My labor began very gradually, very uneventfully. I didn't even realize it was "labor" at first, I just remember waking that first night thinking "why am I cramping so much??" and then I'd go back to sleep. This is about a week after my due date. By Wednesday, November 22nd (2006), I had my midwife, doula, the two assistants, my mother, MIL, daughter, a few sisters (I have 5) at my home, all preparing to witness this beautiful birth. I was 7 cm at 7am, and everyone "predictions" were that my baby boy would be born before dinner that night.

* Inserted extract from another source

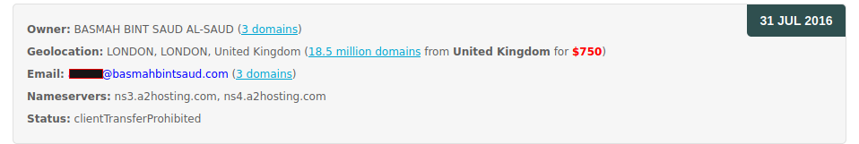 As we continue our online investigation into the circumstances surrounding the crown prince’s latest (public) victim, we seek to address how the aforementioned London addresses are relevant, if at all, and what role Mr. Haydar plays. We maintain hope that he is a staff member or someone in the princess’ inner circle, given the long period of time he worked with her to establish her many domains. It is possible this could be true, given research findings for one website registration associated with both the princess and Mr. Haydar that listed Jeddah (the princess’ Arabian residence) as the location. Such a geolocation could mean nothing, or it could mean that Princess Basmah and Mr. Haydar worked and traveled together at the same time — implying he was a staff member or close enough to her to work with her in both London and KSA.

But my sweet little boy would not be born in the comfort of his own home. After over 50 hours of labor, 10 of those hours spent at 7 cm, the decision was made to transfer to the hospital. My baby was in a bad position. My midwife tried several things to try to help him reposition, she even tried manually pushing his head back up to he could reposition it (most PAINFUL thing I've ever experienced, and I'm speaking as a woman who's had a cesarean!). She said we could try breaking my water and doing a honey enema. I was uncomfortable having my water broken because baby's head was still so high and I was concerned about a cord prolapse, but I agreed to the honey enema. It did make the contractions get a little closer and stronger, but still no more dialation.
So my doula and I were racing around my bedroom trying to pack a bag for the hospital, so we could get there before my midwife's back up doc left. He's a great doctor and surgeon, and I know that we all felt I was going to the hospital for a repeat c-section. I was heartbroken, yelling at my uterus all the way to the hospital, telling it to just quit contracting because it was getting cut again.

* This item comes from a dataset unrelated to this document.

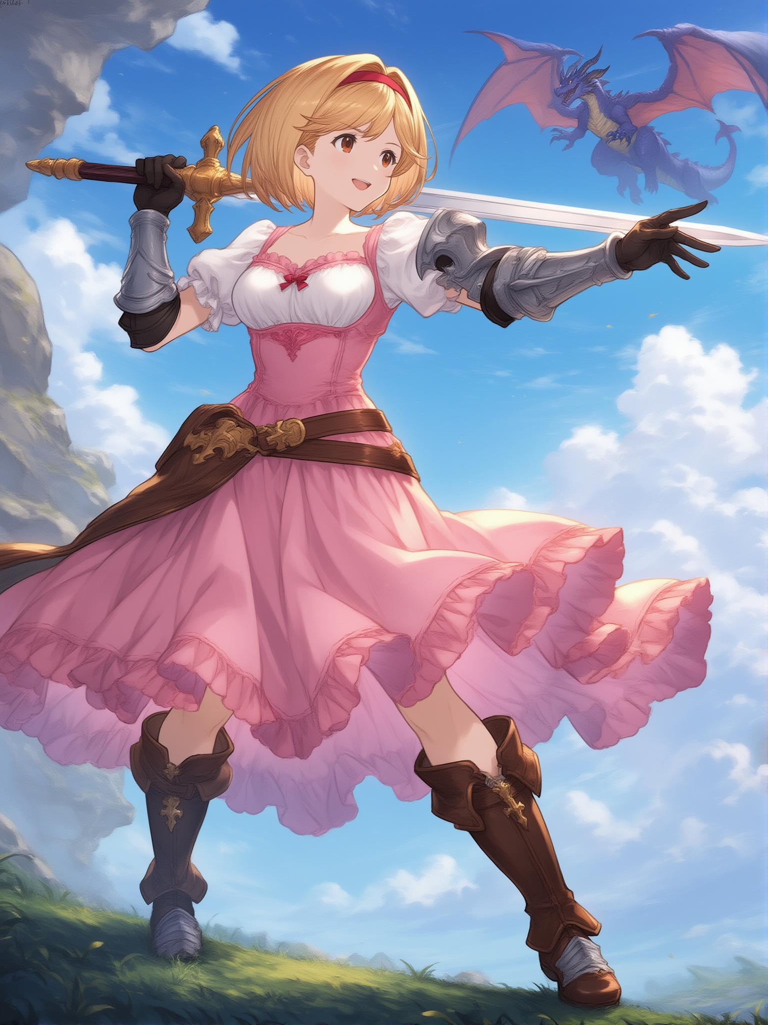 You are an assistant designed to generate high-quality images with the highest degree of image-text alignment based on textual prompts. <Prompt Start> djeeta \(granblue fantasy\), official art, best quality. 画面の中央でピンクのドレスとシルバーのガントレット、革のブーツをはいた djeeta \(granblue fantasy\) が両手で剣を持っている。彼女は手を肩のあたりまであげ、剣先は右側を指している。 青空に白い雲があり、背景にドラゴンが飛んでいる。

By the time we got to the hospital though, I was found to be 9 cm. FINALLY! So, I labored for a bit longer, and pushed my posterior, asynclitic, nunchal handed and nunchal corded baby boy out in 45 minutes. He came very fast, the doctor wasn't even prepared. He lay on the bed between my legs and he was a whitish-gray color. I thought he was dead. The doctor rubbed his back vigorously and he had to be deep suctioned. He was fine though. Apgars were 2 and 9. I had a nasty 2nd degree tear, BUT... I'd take that over the c-section ANY day.

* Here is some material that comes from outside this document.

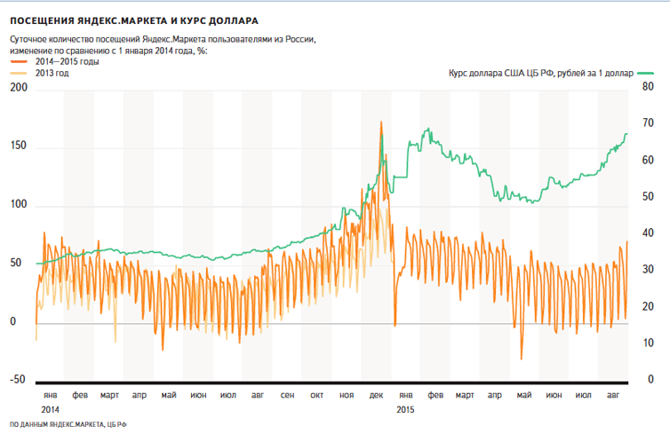Российский e-commerce вырос в первой половине 2015 на 28% в основном за счет инфляции (согласно недавним данным от Data Insight). Тем временем, Яндекс.Маркет фиксирует в новом исследовании медленный плавный рост цен на товары в интернет-магазинах и сравнивает его с ростом курса доллара.

After the euphoria of my vbac wore off, I was depressed again. I had another small baby, at just 5lbs, 2oz at 41 weeks. Plus, his birth was so similar to my daughter's. Someone else's hands were the first to touch my baby. I didn't get to hold him right away, and he was already wiped and wrapped when i did get to see him. I didn't feel him come out. I was in a hospital and had tubes in my arms. I was pretty sad. However, he was born the evening before thanksgiving, and I was VERY thankful for my little guy!